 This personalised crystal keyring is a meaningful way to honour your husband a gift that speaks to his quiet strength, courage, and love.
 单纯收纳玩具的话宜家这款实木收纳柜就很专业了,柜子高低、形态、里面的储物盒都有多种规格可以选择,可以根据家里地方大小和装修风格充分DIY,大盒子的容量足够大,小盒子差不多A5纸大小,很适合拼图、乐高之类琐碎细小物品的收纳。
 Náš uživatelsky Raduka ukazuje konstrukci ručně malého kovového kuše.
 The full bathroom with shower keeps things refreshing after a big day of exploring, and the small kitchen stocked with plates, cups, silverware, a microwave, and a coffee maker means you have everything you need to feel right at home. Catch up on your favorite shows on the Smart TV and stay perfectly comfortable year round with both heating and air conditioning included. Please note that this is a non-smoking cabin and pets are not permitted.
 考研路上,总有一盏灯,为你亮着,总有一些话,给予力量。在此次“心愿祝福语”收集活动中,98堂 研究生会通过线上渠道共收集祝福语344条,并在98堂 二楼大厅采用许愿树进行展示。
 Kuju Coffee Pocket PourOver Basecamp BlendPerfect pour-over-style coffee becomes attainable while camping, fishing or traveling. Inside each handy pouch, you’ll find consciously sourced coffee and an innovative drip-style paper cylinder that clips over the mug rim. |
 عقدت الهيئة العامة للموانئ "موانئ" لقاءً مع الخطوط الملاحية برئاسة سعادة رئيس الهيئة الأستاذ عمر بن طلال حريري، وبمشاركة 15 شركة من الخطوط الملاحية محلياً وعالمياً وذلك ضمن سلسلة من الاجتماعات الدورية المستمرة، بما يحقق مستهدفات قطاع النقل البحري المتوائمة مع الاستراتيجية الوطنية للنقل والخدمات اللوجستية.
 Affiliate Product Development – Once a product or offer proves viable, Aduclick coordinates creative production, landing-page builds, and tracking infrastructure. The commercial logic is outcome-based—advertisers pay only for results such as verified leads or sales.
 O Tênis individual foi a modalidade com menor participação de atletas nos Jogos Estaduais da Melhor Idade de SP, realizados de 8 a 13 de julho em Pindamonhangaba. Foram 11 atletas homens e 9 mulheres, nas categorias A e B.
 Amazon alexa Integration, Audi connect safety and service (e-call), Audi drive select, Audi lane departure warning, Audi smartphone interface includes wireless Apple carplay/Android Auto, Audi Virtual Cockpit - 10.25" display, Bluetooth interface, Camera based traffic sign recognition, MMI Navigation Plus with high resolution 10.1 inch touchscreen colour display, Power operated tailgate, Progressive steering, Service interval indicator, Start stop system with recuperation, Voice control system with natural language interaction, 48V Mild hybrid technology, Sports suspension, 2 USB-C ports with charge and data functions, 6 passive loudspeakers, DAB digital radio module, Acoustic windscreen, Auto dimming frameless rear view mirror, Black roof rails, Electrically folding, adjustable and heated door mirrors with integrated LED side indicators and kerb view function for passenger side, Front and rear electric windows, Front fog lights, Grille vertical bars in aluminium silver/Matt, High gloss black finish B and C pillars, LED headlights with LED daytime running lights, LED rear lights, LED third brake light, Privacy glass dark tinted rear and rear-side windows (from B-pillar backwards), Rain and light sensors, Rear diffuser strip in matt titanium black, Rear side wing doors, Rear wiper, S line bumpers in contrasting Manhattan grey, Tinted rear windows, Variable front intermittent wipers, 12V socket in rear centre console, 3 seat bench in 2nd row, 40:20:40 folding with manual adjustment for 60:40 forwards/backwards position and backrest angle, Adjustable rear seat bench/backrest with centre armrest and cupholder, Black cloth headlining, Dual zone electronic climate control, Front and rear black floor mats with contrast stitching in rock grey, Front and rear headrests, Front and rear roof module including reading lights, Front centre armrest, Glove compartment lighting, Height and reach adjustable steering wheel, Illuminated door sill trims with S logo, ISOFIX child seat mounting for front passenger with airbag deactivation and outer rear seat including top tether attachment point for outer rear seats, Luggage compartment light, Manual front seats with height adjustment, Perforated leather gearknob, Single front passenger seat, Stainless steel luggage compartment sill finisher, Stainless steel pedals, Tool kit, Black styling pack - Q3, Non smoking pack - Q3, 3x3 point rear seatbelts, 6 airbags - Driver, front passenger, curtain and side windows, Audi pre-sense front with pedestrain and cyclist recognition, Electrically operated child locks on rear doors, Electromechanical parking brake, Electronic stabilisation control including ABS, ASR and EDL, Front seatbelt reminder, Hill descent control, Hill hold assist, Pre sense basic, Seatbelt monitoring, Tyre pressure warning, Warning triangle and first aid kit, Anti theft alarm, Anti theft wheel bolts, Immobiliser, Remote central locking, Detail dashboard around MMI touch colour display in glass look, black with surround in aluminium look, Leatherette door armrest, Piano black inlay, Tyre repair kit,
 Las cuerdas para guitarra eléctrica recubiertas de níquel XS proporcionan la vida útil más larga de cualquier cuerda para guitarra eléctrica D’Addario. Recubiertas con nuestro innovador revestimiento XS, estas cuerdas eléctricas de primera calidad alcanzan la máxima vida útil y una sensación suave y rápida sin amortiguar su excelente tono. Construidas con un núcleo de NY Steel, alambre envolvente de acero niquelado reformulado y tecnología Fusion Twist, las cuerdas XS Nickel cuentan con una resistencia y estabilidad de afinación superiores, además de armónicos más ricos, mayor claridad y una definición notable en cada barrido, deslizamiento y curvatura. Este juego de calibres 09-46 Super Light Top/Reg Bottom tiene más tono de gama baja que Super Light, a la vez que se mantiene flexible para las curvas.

**PROBLEM TO SOLVE**
Beginning at the line above that contains "Affiliate Product Development", return each line exactly through the line that contains "O Tênis individual", and no others.

**RESPONSE**
 Affiliate Product Development – Once a product or offer proves viable, Aduclick coordinates creative production, landing-page builds, and tracking infrastructure. The commercial logic is outcome-based—advertisers pay only for results such as verified leads or sales.
 O Tênis individual foi a modalidade com menor participação de atletas nos Jogos Estaduais da Melhor Idade de SP, realizados de 8 a 13 de julho em Pindamonhangaba. Foram 11 atletas homens e 9 mulheres, nas categorias A e B.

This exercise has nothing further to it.